Return the data below in full and exactly, except that the pictures are dropped.
+++ Provided material
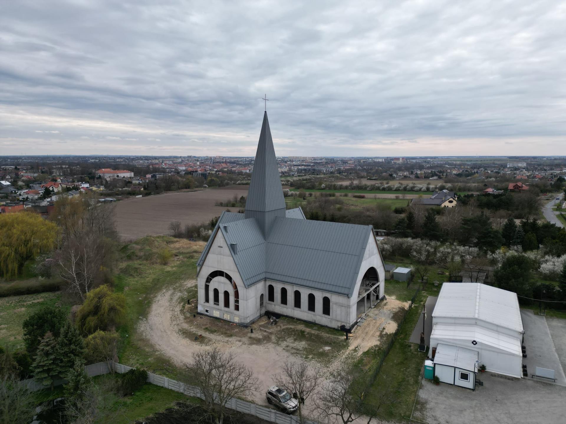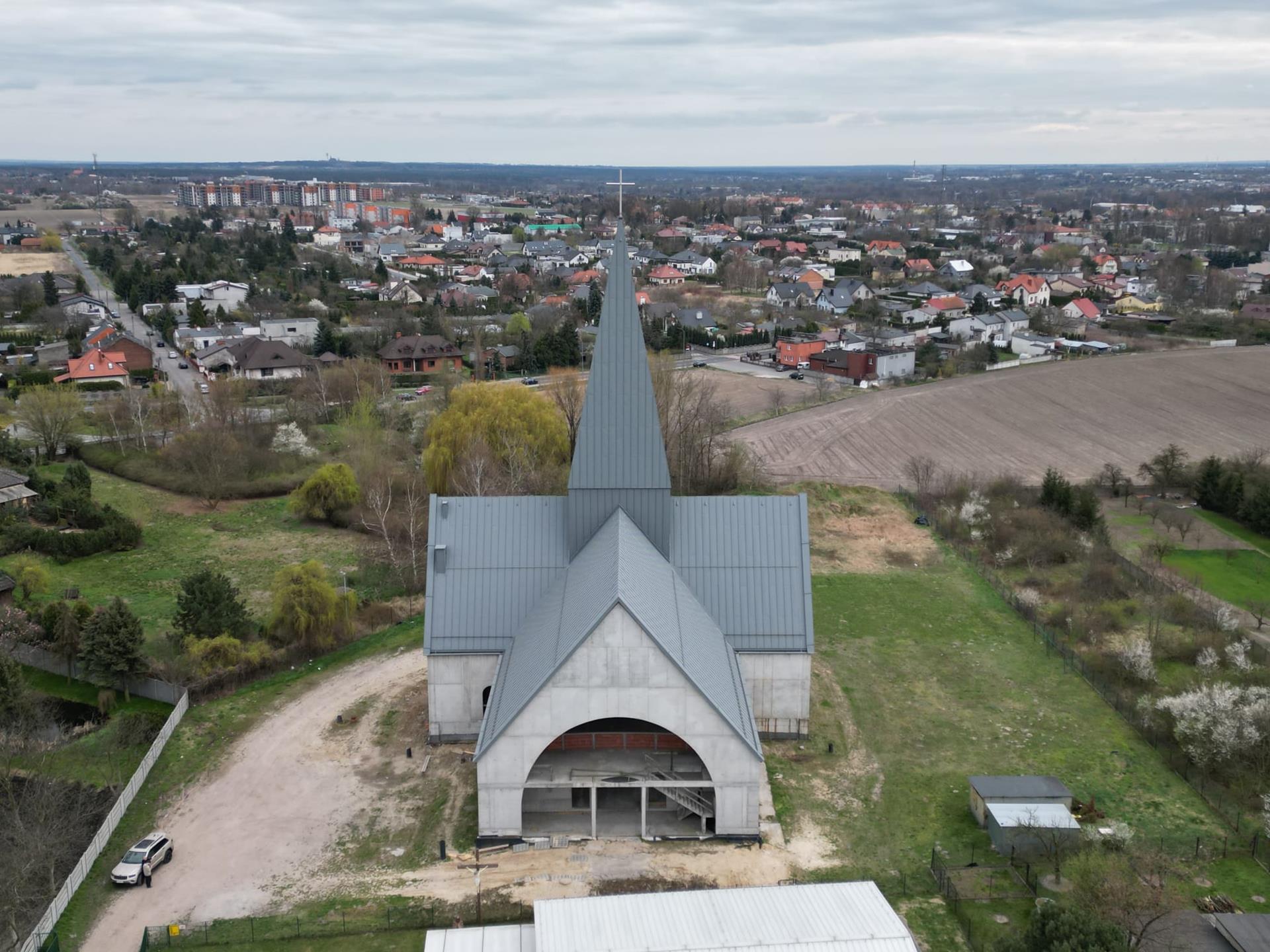 W poniedziałek 8 kwietnia 2025 r. zostały zakończone prace związane z montażem drewnianej konstrukcji sufitu oraz dachu i wieży naszego kościoła.
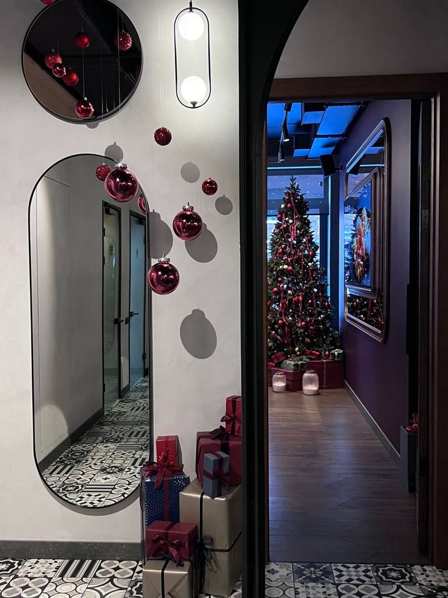- новогодний декор частных интерьеров (декор живой и декоративной ели, комплектация интерьера новогодним декором и игрушками, живые и декоративные новогодние композиции, оформление фасада световыми гирляндами)
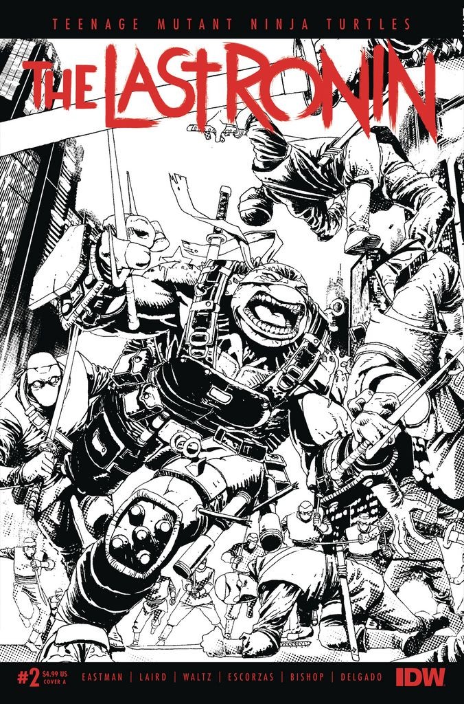 The best-selling series, now available in standard comic size with new covers, to coincide with the release of The Last Ronin II: Re-Evolution! Secrets are revealed as we begin to discover what happened in the past to lead to this nightmarish future. The Ronin meets an unexpected new ally but the Foot Clan begins an exhaustive sweep of the Bottom to find the vengeful mutant.
++++++
### Solution:
 W poniedziałek 8 kwietnia 2025 r. zostały zakończone prace związane z montażem drewnianej konstrukcji sufitu oraz dachu i wieży naszego kościoła.
- новогодний декор частных интерьеров (декор живой и декоративной ели, комплектация интерьера новогодним декором и игрушками, живые и декоративные новогодние композиции, оформление фасада световыми гирляндами)
 The best-selling series, now available in standard comic size with new covers, to coincide with the release of The Last Ronin II: Re-Evolution! Secrets are revealed as we begin to discover what happened in the past to lead to this nightmarish future. The Ronin meets an unexpected new ally but the Foot Clan begins an exhaustive sweep of the Bottom to find the vengeful mutant.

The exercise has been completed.